I jerked open the door, and there stood Lauren Castle.
“Are you ready?” she asked.
“For what?” I wanted to know.
“We’re going to look for Vanessa Roberts. Chop-chop,” she said, motioning with her head toward my sweatpants.
“No, no,” I said, thinking about the breast pump. “That’s
your
problem. Not
mine
.”
S. S. appeared behind me. “Come now, Jack. I may be able to help. After all, I’ve had a little experience with missing persons.”
“And who are you?” Lauren asked.
I laughed. I shook my head. Why didn’t it surprise me that the head of publicity for a major New York publisher couldn’t recognize one of the great writers of her lifetime?
“What’s so funny?” Lauren said sharply.
“I’m a friend, is all,” S. S. said. “The name’s Samuel.”
“Well, Sammy,” Lauren said. “I’ll let you go along if you’re going to be of some help, but I don’t want you with us if the two of you are going to act like schoolgirls and giggle every time I say something.”
“We have ourselves a deal,” S. S. said.
“I need to take a shower,” I said to Lauren. “Why don’t you come inside and fix yourself a cup of coffee?”
Lauren entered the apartment cautiously, eyeing S. S. and then me.
“Here,” S. S. said. “Allow me to take your coat.”
She looked down at S. S.’s bandaged hand. She said, “What’s the deal with all the injured hands around here?” She slipped off her coat and handed it to S. S., who carried it to the living room and draped it over the back of a chair, careful not to let any of it touch the floor.
“What do you mean?” I asked, but before she could answer, I remembered what S. S. had told me about M. Cat’s bacchanal—the Saturnalia. “Wait a minute. Where did you spend the night?”
“You want to know something? No one locks their doors around here,” she said by way of a reply. “The first door I tried after yours was unlocked, too.”

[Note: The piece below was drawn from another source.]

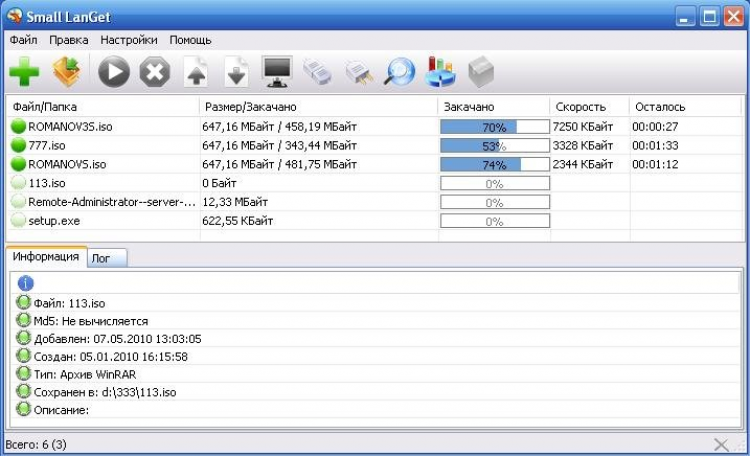 Small LanGet - это программа для закачки файлов по локальной сети (NetBios, TCP/IP) с докачкой, что позволяет докачать файл с того места, где оборвалась его закачка, а не начинать скачивать его заново.

“Was he still naked?” I asked.
“As naked as the day is long,” she said.
“Coffee’s over there,” I said, pointing.
I stepped into the bathroom. I shut the door and turned on the bathroom fan. I didn’t want to hear any more.
25
W
E DROVE TOGETHER in Lauren’s rental, S. S. riding shotgun at Lauren’s insistence, even though I was the only one who knew the city. Apparently, they had hit it off while I showered and dressed. I’d stayed in the shower so long to avoid Lauren, the water had turned ice cold. Even now, my fingers were still pruney.
“Jack,” S. S. said, twisting around to see me. “Tell us, would you, where you’ve looked for Vanessa?”
My heart clenched. Had I looked for her at all? I’d made a few sad stabs in that direction, but other than going to her hotel twice, I hadn’t actually checked anywhere.
“Oh, you know,” I said, “the main hotels in town and such.”
In the rearview mirror, I saw Lauren’s eyebrows rise above the top of her sunglasses. One look, and I knew what she was thinking:
Are you fucking kidding me?
“It’s been difficult,” I said, “taking care of Tate and, well,
he
came to town unexpectedly.” I pointed at S. S.
“Tate?” Lauren asked.
“Tate Rinehart,” I clarified.
“He’s in town?” Lauren asked.
“Indeed,” S. S. said.
Lauren smiled for the first time. “I love his work.”
S. S. nodded. “It’s as though he’s reinventing all the classics.”
Lauren thought about this. “Turn a moldy old work of fiction into something shiny and new. A great hook.”
“And that’s a good thing?” I asked.
“What’s wrong with that?” Lauren snapped back. I was the dog in the back seat that wouldn’t stop scratching and whining. A few moments later, Lauren said, “Sam here tells me you’re an amazing writer.”
“Whatever,” I said.
“He tells me you’re working on a memoir,” she said. “About your life as a media escort. About living on the margins. About writer’s block. About the artist’s life in the twenty-first century.” Lauren said, “You could sell that book for six figures. Easily.”